А тот, воспользовавшись заминкой Александра Пантелеевича, нарушая все уставные нормы, по-мальчишески, по-петушиному сорвавшимся голосом прокричал виновато:
Да я не затевал драку, товарищ майор! Они, бандюги, понимая, что мы разведка, хотели с нами расправиться. Ну а мы со Степаненко дали им прикурить. И, сделав небольшую паузу, добавил: Со страшной силой...
Все, кто был на КП, покатились от смеха. Майор Зак, когда все отсмеялись, с улыбкой произнес:
По-моему, Александр Пантелеевич, тут вопрос решается просто: за эти решительные действия летчик и стрелок заслуживают поощрения.
Выждав время, Алексей попросил у командира полка разрешения обратиться к нему.
Обращайтесь.
Товарищ майор, сказал Алексей со значительным, хитроватым выражением лица. Чтобы в дальнейшем мне не было никаких упреков, прошу выслушать истребителей сопровождения. Тогда картина станет еще более полной.
Огорчу тебя, младший лейтенант, ответил Матиков. Летчики прикрытия доложат где надо о твоем поведении. Но хочу еще раз напомнить, что разведка это не полеты на штурмовку. Даже, если бывает стыдно, надо уходить от схватки. А пока не забудь в двадцать один повторный вылет. Задание то же самое. Только маршрут теперь пройдет севернее. Соломино не трожь. Там тебя еще помнят и постараются не упустить. Помолчал, затем добавил: Как корреспондент воюет?
Отлично.
Возьмешь опять?
Так точно, товарищ майор. Мы хорошо слетались.
Изнурительными, опасными были эти разведывательные полеты над территорией противника. Но Рогожин и Степаненко справились с ними. Их донесения суммировались с другими, обобщались поначалу в штабе полка, затем передавались в дивизию, оттуда в корпус и в штаб фронта.
Это была, в сущности, обыкновенная ежедневная работа летчика и воздушного стрелка, работа, сопряженная с опасностью для жизни, но такая же, как, например, работа людей, поднимающихся рано утром, чтобы идти на завод, на шахту, на комбинат, где ничто не угрожало им, но иногда создавались условия, при которых крайне необходимо работать с полным напряжением сил, делать дело, не требуя наград.
Но как бы ни было в этой жизни тяжело, порой жестоко, она оказывалась щедрой и на доброту.
В эти напряженные предгрозовые дни, когда, казалось, им не будет конца, Алексей почти одно за другим получил от Жени три письма.
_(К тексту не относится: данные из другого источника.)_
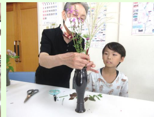
▲ひとりひとり違う花器に活けました。それぞれとっても素敵でした！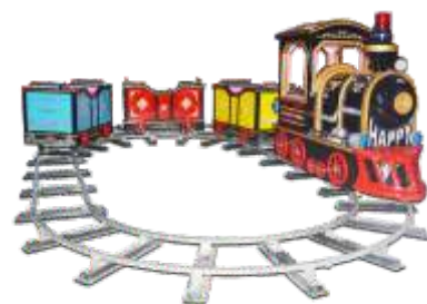
HR-QF877 Train track 轨道火车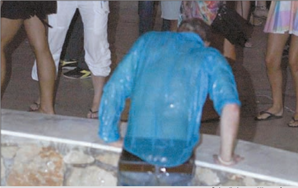
.. ويخرج مبتلا من حمام السباحة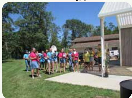
L'harmonie de Saint-Germain-Lespinnasse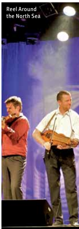
Reel Around the North Sea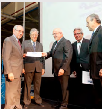
50 anys professió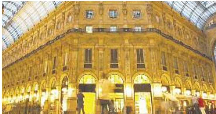
El Quadrilatero della Moda, epicentre mundial del sector.

La data escollida per portar a terme el Retail Tour 2017 tenia a veure amb la celebració d'una fira especialitzada adreçada al món del comerç durant aquells dies a la capital de la Llombardia. D'aquesta manera, els comerciants van poder descobrir de primera mà diferents proveïdors de materials que els són propis en el desenvolupament de la seva activitat comercial.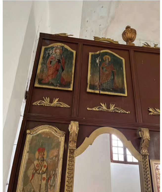
Sl. 19 Ikone svetaca, ikonostas

Uz to nestručni premazi i retuši dodatno su narušili njihovu izvornost pojednostavljujući i izobličujući prikaze, što je posebno uočljivo na Carskim dverima.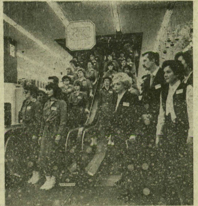
A nagyáruház eladói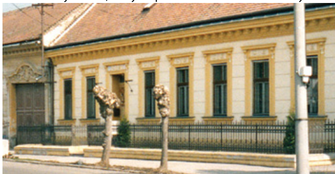
Secesný dom na Hlavnej ulici 2

Na konci 19. storočia sa začal klásť dôraz na reguláciu a plánovanie zástavby miest. S tým súviseli asanácie podľa parížskeho vzoru, ktoré pozostávali z búrania a následného stavania vyhovujúcejších budov, rozširovania ciest, stavby vodovodov a elektrifikácie ulíc. Tento nový trend však na vidiek neprenikol, a tak si dediny zachovali svoje pôvodné gotické usporiadanie. V architektúre prevládala v tomto období tzv. historizujúci sloh, ktorý čerpal zo starších architektonických slo-

Она писала, что лазарет переведен в другое место и поэтому увидеться им, вероятно, не придется предстоит большая работа. Письма, написанные на листах, вырванных из школьной, в клеточку, тетради, дышали девичьей непосредственностью, трогательными просьбами беречь себя, но бить фашиста как полагается.
Ободренный и радостный, он ответил ей не менее горячо и нежно. Чувство его к Жене крепло с каждым днем, и самому себе Алексей представлялся теперь самым счастливым человеком на свете.
Пришла пора расставаться с Владимиром. В то утро они поднялись рано, посидели на завалинке вросшего в землю дома, глядя, как среди разорванных, с темной подпалиной облаков, поднимается ясное, спокойное солнце. Несмотря ни на что, природа бесстрастно вершила свои дела.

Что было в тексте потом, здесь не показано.